Development of a Microcontroller-Based Recurrent Neural Network Predictive System for Lower Limb Exoskeletons

Practical deployments of exoskeletons can often be limited by cost, limiting access to their usage by those that would benefit from them. Minimising cost whilst not harming effectiveness is therefore desirable for exoskeleton development. For Control Systems governing assistive and rehabilitative exoskeletons that react to the wearer’s movements, there will inevitably be some delay between when their wearer intends to move and when the exoskeleton can assist with this movement. This can lead to situations where a user may be limited by their own assistive exoskeleton, reducing their ability to move freely. A potential solution to this is to provide a proactive method of control, where the most likely path of the wearer’s movement is predicted ahead of the wearer making the motion themselves. This can be used to give the user assistance immediately as they are walking, as well as potentially pre-emptively adjust their gait if they suffer from predictable gait deficiencies. The purpose of this paper is to investigate the Data Collection, Implementation, and Effectiveness of an LSTM Recurrent Neural Network dynamically predicting future movement based off of prior movement.

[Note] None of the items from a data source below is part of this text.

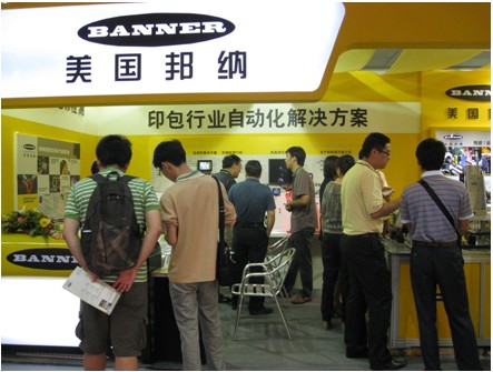 達(dá)到穿過透明/半透明容器,獨特調(diào)制的紅外光對水有極高靈敏度,用于檢測液位高低;體積小巧,外殼堅固的報警指示燈K50,LED燈光柔和明亮;用于瓶蓋和液位檢測P4視覺相機(jī),其性價比高,具有眾多視覺工具選擇和人性化編程界面;另外還有TCNM系列高性能條碼閱讀器,結(jié)構(gòu)緊湊,性能可靠,讀碼能力超強(qiáng),可連接觸摸屏和報警燈;響應(yīng)速度快經(jīng)濟(jì)型R58A色標(biāo)傳感器等等,特別值得一提的是邦納本次展會帶來了2010年最新推出的SHP一體化觸摸控制器,內(nèi)置PLC和網(wǎng)絡(luò)功能,集成度更高,操作更簡單。以上種種產(chǎn)品顯示出邦納在印刷包裝行業(yè)檢測應(yīng)用產(chǎn)品豐富,應(yīng)用范圍廣泛,技術(shù)多樣型,不僅如此,在邦納公司技術(shù)人員的專業(yè)講解下,更是吸引了眾多觀眾駐足。
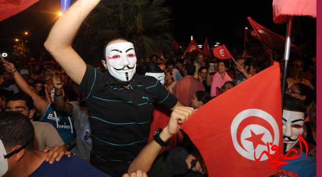 وقال محتج اسمه صالح إن كل الشعب التونسي يحتج على ممارسات النهضة وممارسات حكومة الرشوة والاغتيالات وممارسات النهضة بصفة عامة.
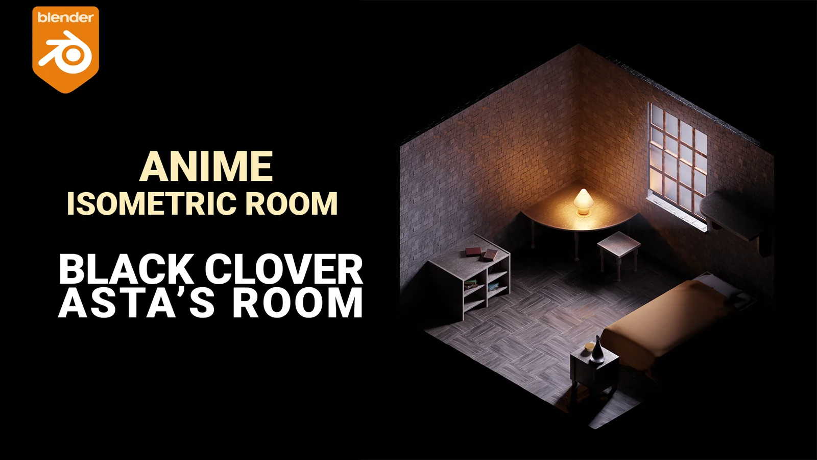 This product provides a complete 3D scene file of Asta's room from the anime series Black Clover. The Blender file encompasses the interior environment and features clean topology along with optimized materials. The scene is prepared for use in animations, rendering setups, and custom fan art projects.
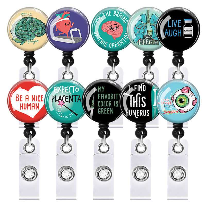 全平面ドリップパッチ手描き心臓脳子宮針管伸縮可能な回転バッジリール
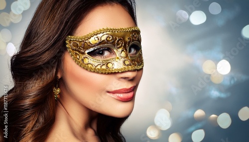 ベネツィアのカーニバルの仮面をつけた美しいイタリア人女性(Beautiful Italian woman in a Venetian Carnival mask)
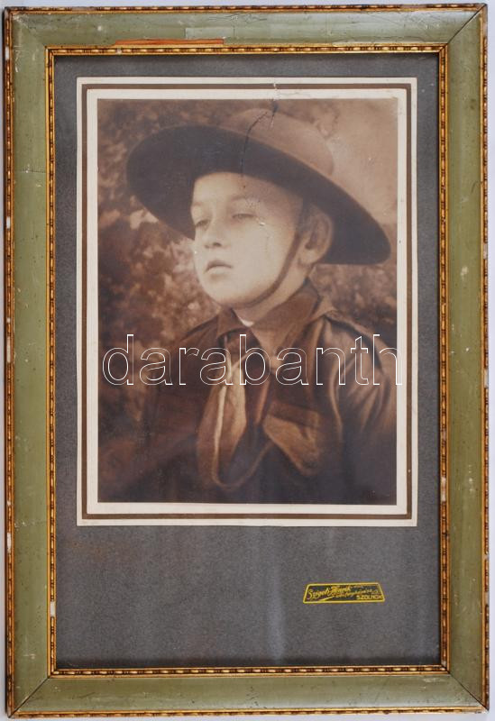 Régi keret cserkész fotóval (szakadt), 40×28 cm
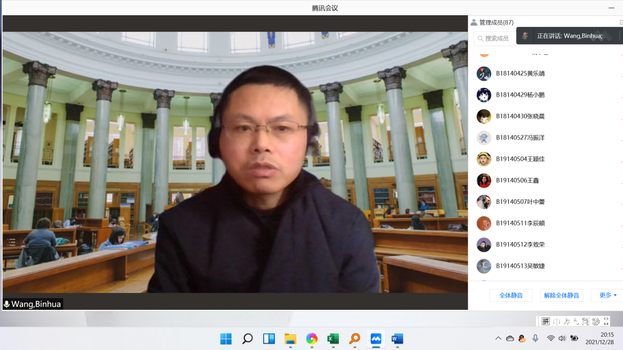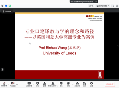 2021年12月28日,英国利兹大学王斌华教授应邀以线上的方式为我院师生讲学,主题为:专业口笔译教学的理念和路径——以英国利兹大学高翻专业为例。外国语学院部分教师、研究生和本科生聆听了该场讲座,院长助理陶李春致欢迎辞,翻译系副主任殷健主持。

These methods were developed to use off the shelf, Low-Cost Microcontrollers as to minimise their Financial, Weight, and Power Impact on an overall Low-Cost exoskeleton design, as well as to evaluate how effective such an implementation would be when compared to running such a Neural Network on a more powerful processor. The created model was capable of achieving similar accuracies to far more powerful models on High-Powered Laptops.